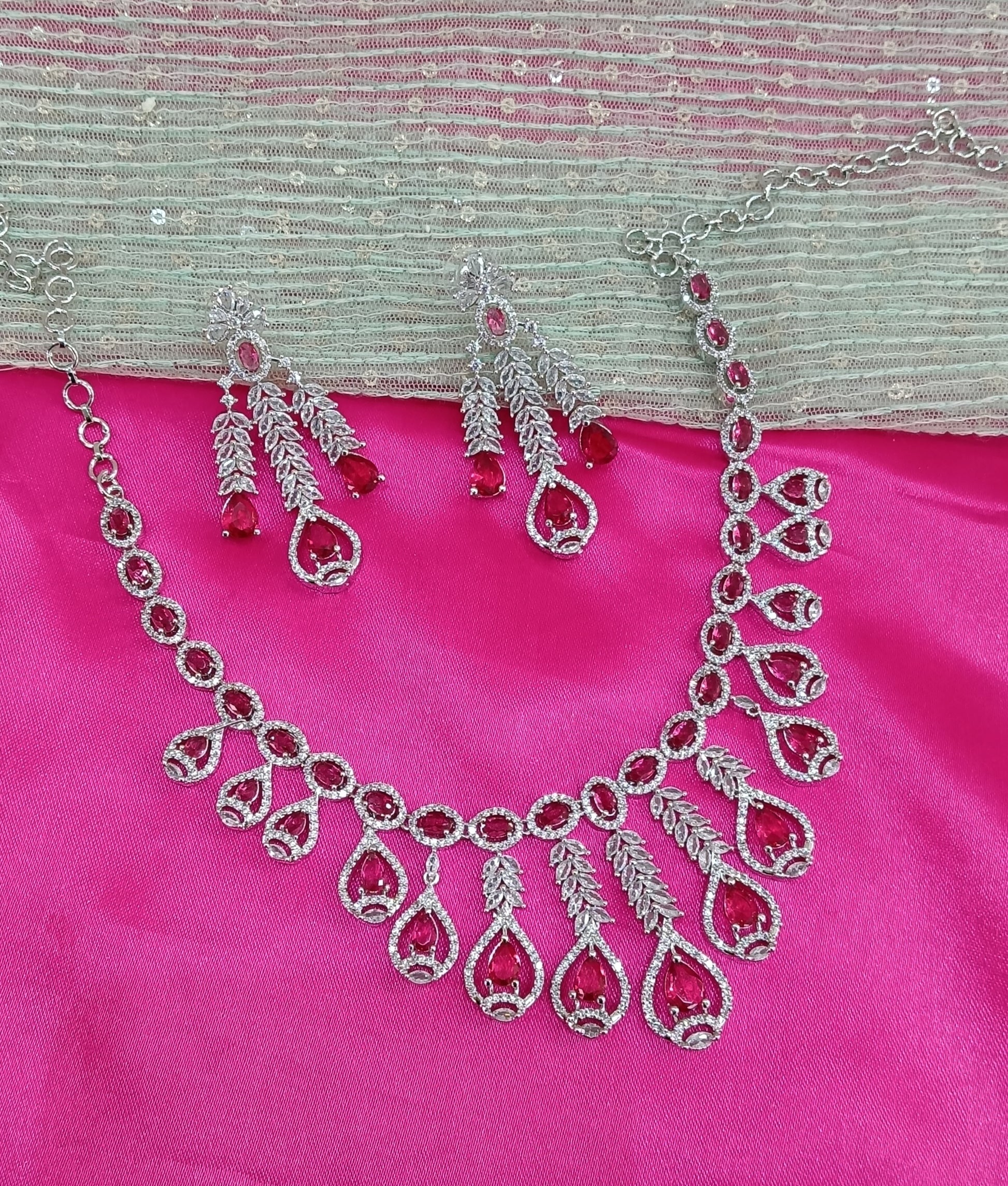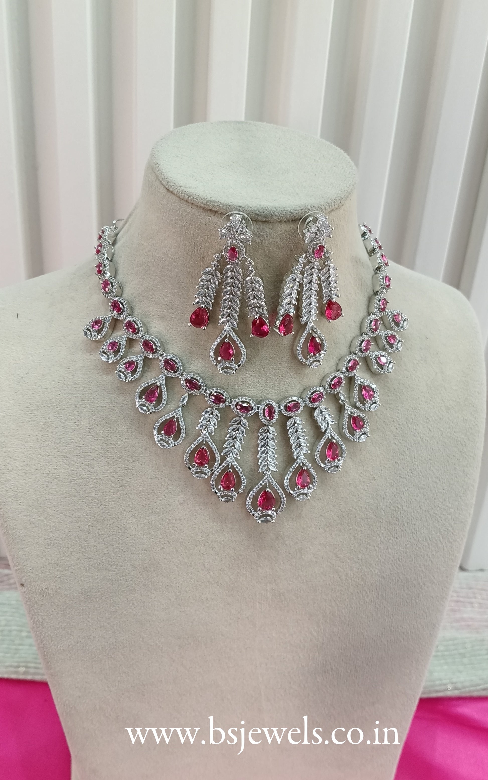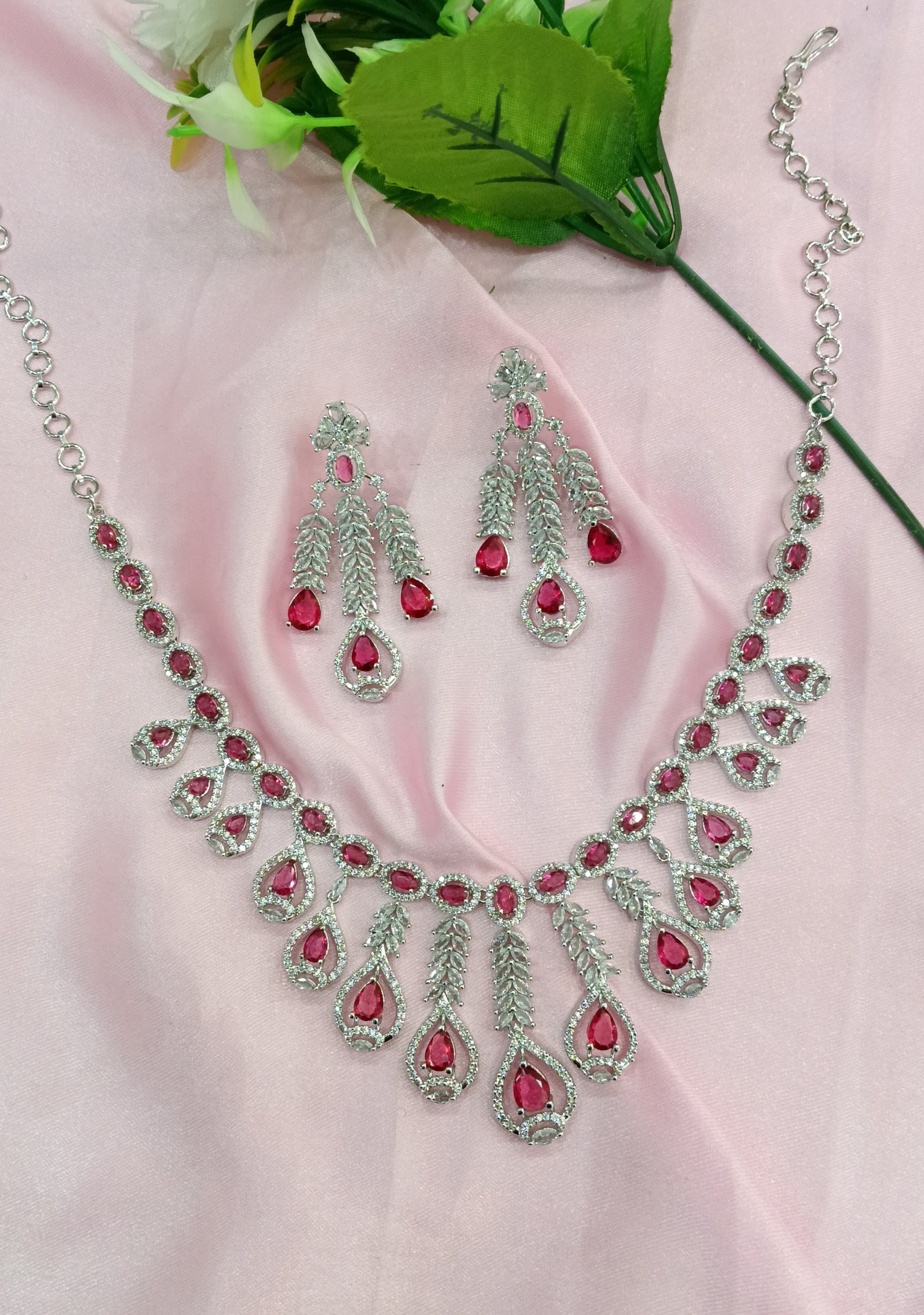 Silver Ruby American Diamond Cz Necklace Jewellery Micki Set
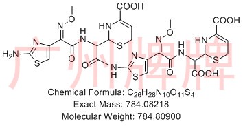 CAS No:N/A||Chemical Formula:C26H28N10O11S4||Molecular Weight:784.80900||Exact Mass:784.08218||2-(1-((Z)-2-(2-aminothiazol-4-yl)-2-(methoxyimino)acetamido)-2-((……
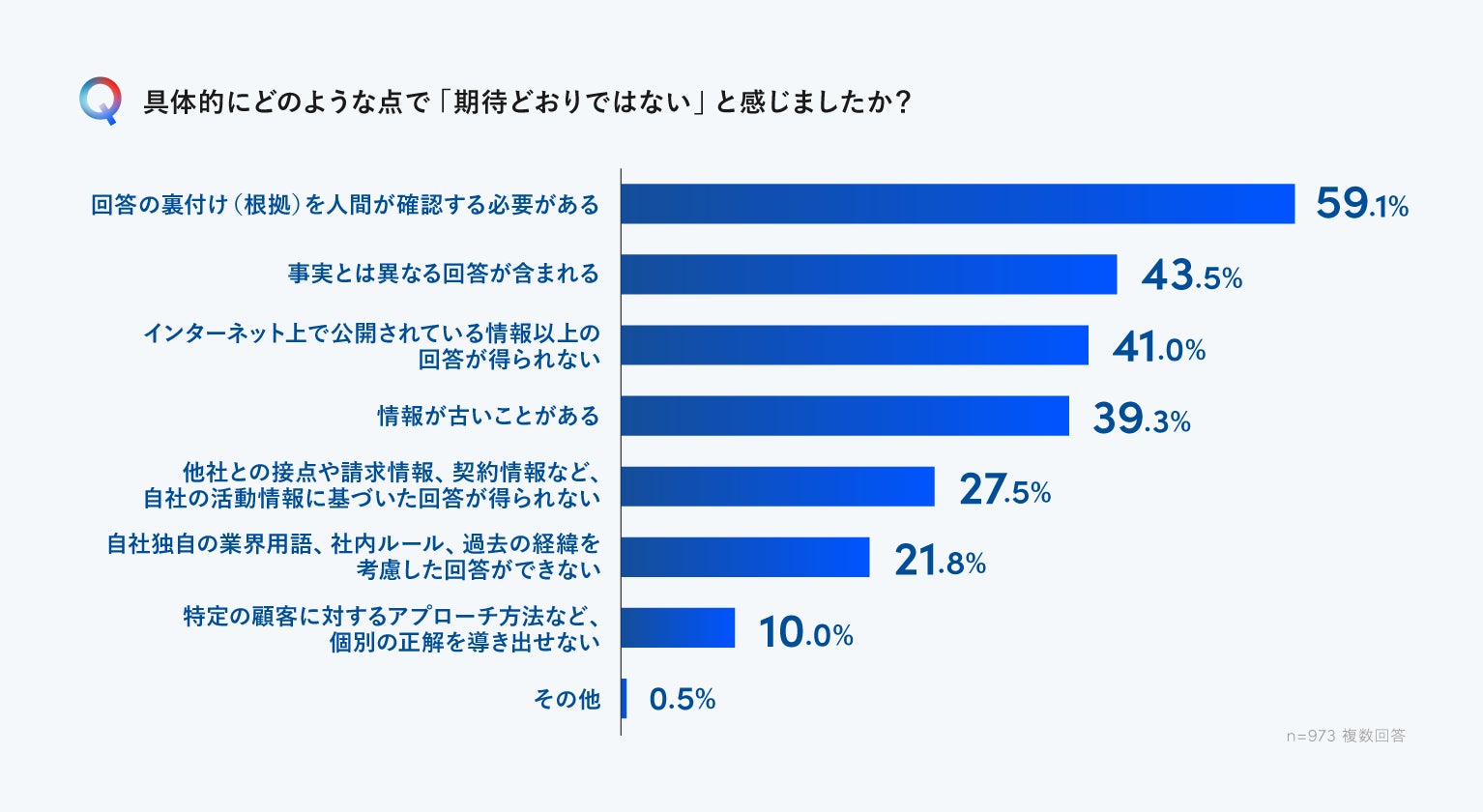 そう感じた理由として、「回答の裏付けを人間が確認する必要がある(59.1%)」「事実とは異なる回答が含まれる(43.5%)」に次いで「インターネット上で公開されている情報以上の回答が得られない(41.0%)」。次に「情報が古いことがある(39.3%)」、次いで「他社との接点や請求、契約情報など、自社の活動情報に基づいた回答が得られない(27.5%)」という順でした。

☆ ☆ ☆ ☆ ☆ ☆ ☆

WORK ITEM: Each line of the material goes into your copy unchanged, but no picture does.

PROBLEM SOLUTION:
 Silver Ruby American Diamond Cz Necklace Jewellery Micki Set
 CAS No:N/A||Chemical Formula:C26H28N10O11S4||Molecular Weight:784.80900||Exact Mass:784.08218||2-(1-((Z)-2-(2-aminothiazol-4-yl)-2-(methoxyimino)acetamido)-2-((……
 そう感じた理由として、「回答の裏付けを人間が確認する必要がある(59.1%)」「事実とは異なる回答が含まれる(43.5%)」に次いで「インターネット上で公開されている情報以上の回答が得られない(41.0%)」。次に「情報が古いことがある(39.3%)」、次いで「他社との接点や請求、契約情報など、自社の活動情報に基づいた回答が得られない(27.5%)」という順でした。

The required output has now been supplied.